All in all, the house has been my secure place. My sanctuary and my reminder that I was loved. The place where I open windows and hear birds singing while I type or lie in the hammock and watch the trees sway and listen to insects chirp.
It’s time to let it go. I can’t keep up with bills and selling it will take that burden from my shoulders. With that unburdening also comes insecurity. At this point, I have no idea where I’ll live. Most likely, I’ll simply rent something until I feel that this is the place that God still wants me to be. I love my job and I love my friends, but I’m being molded and changed. All those insecurities of my younger life have been washing over me.
So, last night when I heard the Casting Crown’s song, I felt comforted.

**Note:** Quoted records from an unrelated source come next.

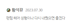 "팬텀 헤어 성형이나 다시 내줬으면 좋겠다"
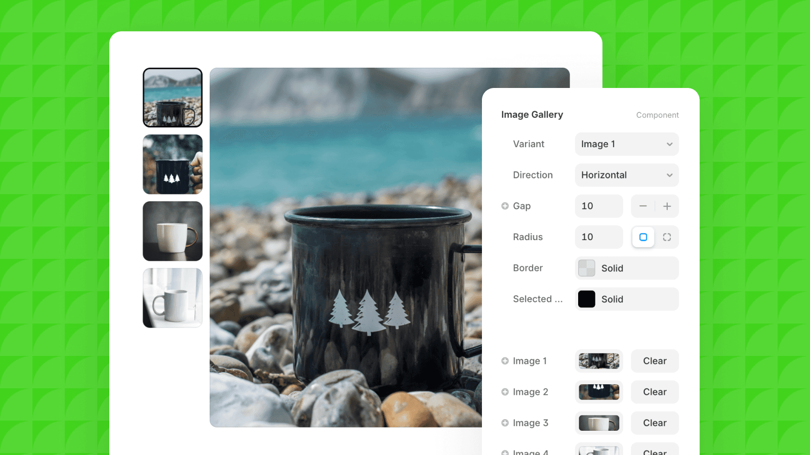You can now customize the radius, borders, gap and direction of your image gallery without unlinking the component.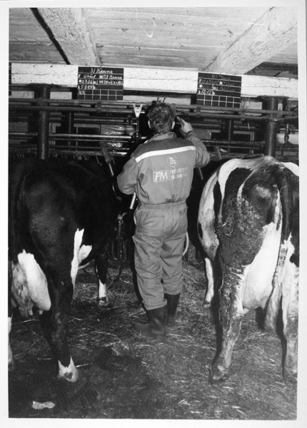 Sökord: ladugård mjölkkor mjölkanläggning rörmjölkning spenkoppar åstäne foderkrubba mjölktavla Motivkategori:jordbruk Id:12620 Fotograf: Annika Werner Fotoår: 1991 Bildnummer: ANDE397.jpg Förening: Odensvi Hembygdsförening Land: SE Motivplats: Kalmar län, Västervik, Odensvi, Karrum Teknik: Scannat sv/v foto Rättighet: Annika Deltin, Gamleby Originalplats: (visas ej publikt)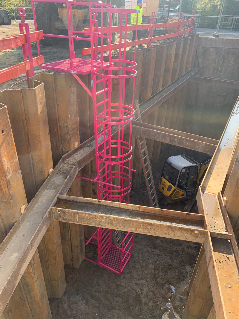 Die Spundwandleiter kann nicht nur einfach aufgebaut werden, ein weiterer wirtschaftlicher Vorteil zeigt sich dadurch, dass die Leiter ganz einfach mit einem Bagger an die Spundwand gehängt wird. An der Einsatzstelle muss kein zeitaufwendiges Auf- bzw. Abbauen eines Treppenturms vorgenommen werden. Ebenfalls wird es überflüssig, dass ein Personen-Arbeitskorb eingesetzt wird, um das Baustellenpersonal in die Baugrube abzulassen. J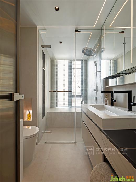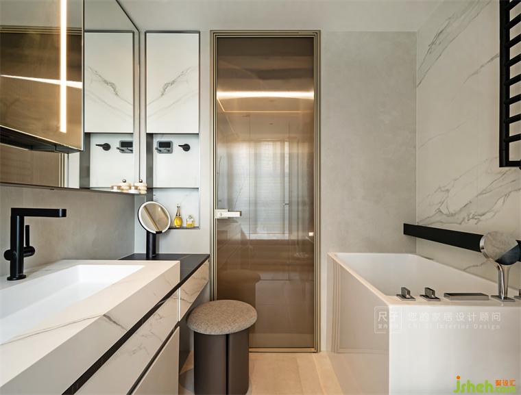 主衛(wèi)整體開闊通透,線性燈帶暖光與巖板一冷一暖的碰撞,高級又美觀,裝修設計陽光在淋浴房墻面暈染成更加細膩迂回的光影。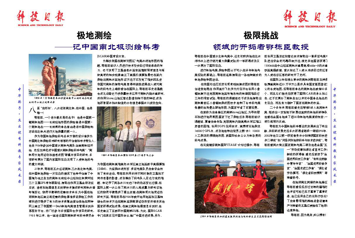 1992年4月8日至5月15日,中国科技馆和湖北科技馆在科教大厦举办了南极科学考察展览,展出了鄂栋臣所在团队几次赴南极考察的多件珍贵实物、图证。 湖北省南北极科学考察学会理事长、国际南极研究科学委员会地学科学组中国代表、武汉大学教授、博士生导师鄂栋臣(国际欧亚科学院院士)7次远征南极,4次奔赴北极,是参加我国南北两极长城站、中山站、黄河站三站创建工程的全国唯一亲历者,是我国基地测绘遥感科考总体方案的设计者,主持了28个中国极地测绘科研重点项目。 2004年7月28日,鄂栋臣与武汉大学科技工作者参加了中国首座北极GPS卫星跟踪站的建设并进行了数据接收。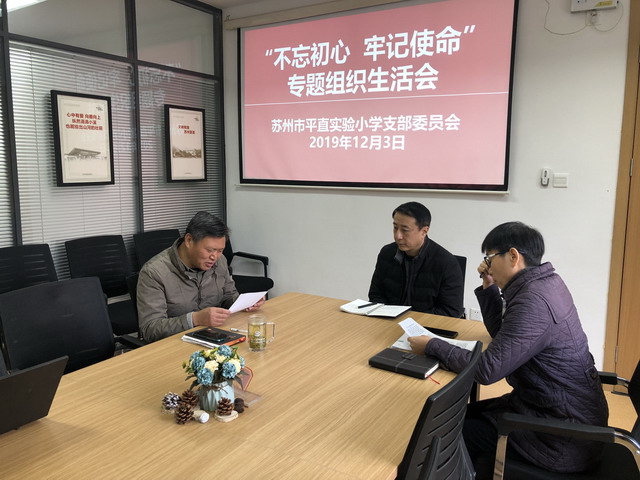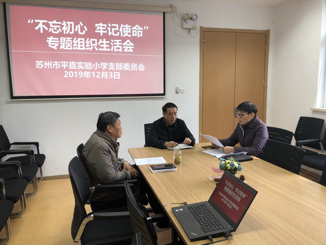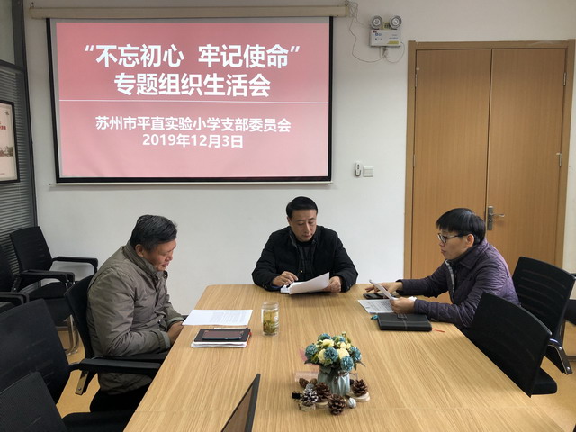 2019年12月3日,根据姑苏教发2019年18号关于“不忘初心 、牢记使命”主题教育专题组织生活会的工作要求,苏州市平直实验小学支部委员会召开民主生活会,三位支委成员认真对照检查,查摆了自己在政治、思想、作风、能力、清正廉洁五个方面存在的突出问题,并就产生问题的原因进行了深刻剖析,还各自提出了整改措施。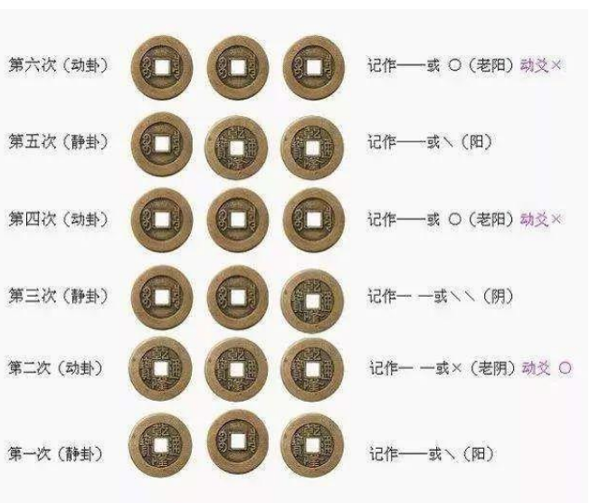 共摇六次,按顺序记录好铜钱背和字的情况,然后将之告诉预测师,预测师则会根据卦象显示,为你解答。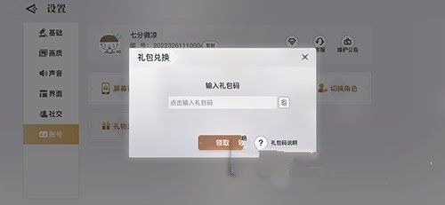 此时可以在这个账号里面找到礼包兑换,然后输入这个礼包码,就可以顺利的得到奖励了。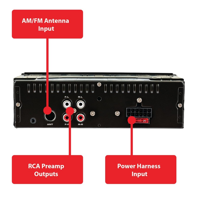 - 200 Watts (50 Watts x 4) MOSFET Built-in Bluetooth for hands free calling, audio streaming and player control Built-in Microphone Digital Media Receiver - does not play CDs Front panel USB input 8 Character LCD FLAC & MP3 Playback 2 Pair of RCA preamp outputs (Front/Rear) 2 Band Tone Control (Bass/Treble) 4 Preset EQ curves (Classic, Rock, Pop & Flat) LCD Dimmer Voice activation button AM/FM Receiver with 30 Station presets (18FM/12AM) Built for Marine use

And when you’re tired of fighting
Chained by your control
There’s freedom in surrender
Lay it down and let it go
So when you’re on your knees and answers seem so far away
You’re not alone, stop holding on and just be held
Your world’s not falling apart, it’s falling into place
I’m on the throne, stop holding on and just be held
Just be held, just be held
And not a tear is wasted
In time, you’ll understand
I’m painting beauty with the ashes
Your life is in My hands
Lift your hands, lift your eyes
In the storm is where you’ll find Me
And where you are, I’ll hold your heart
I’ll hold your heart
Come to Me, find your rest
In the arms of the God who won’t let go
So people when I say I’m avoiding,,, It’s not a good thing. Prod me and make me move. I need to go forth with these changes. I’m trying to remember that I’m loved by the One who matters the most. I’m fighting these insecurities. I’m trying to accept my new role; Becky, not a homeowner tied to memories of this place, but Becky who is willing to change, to believe that God has a better place for me to be.
When you see me and may ask, ‘How are you doing?” I’ll be smiling because most likely I’m doing great, but please remember to lift me up in prayer because this change is hard.
Love you my friends…
Just be Held (I’m hoping there’s not an inappropriate commercial on the front of this beautiful video).
By the way… the fern on those trees are called Resurrection Ferns! A tidbit I learned in Georgia.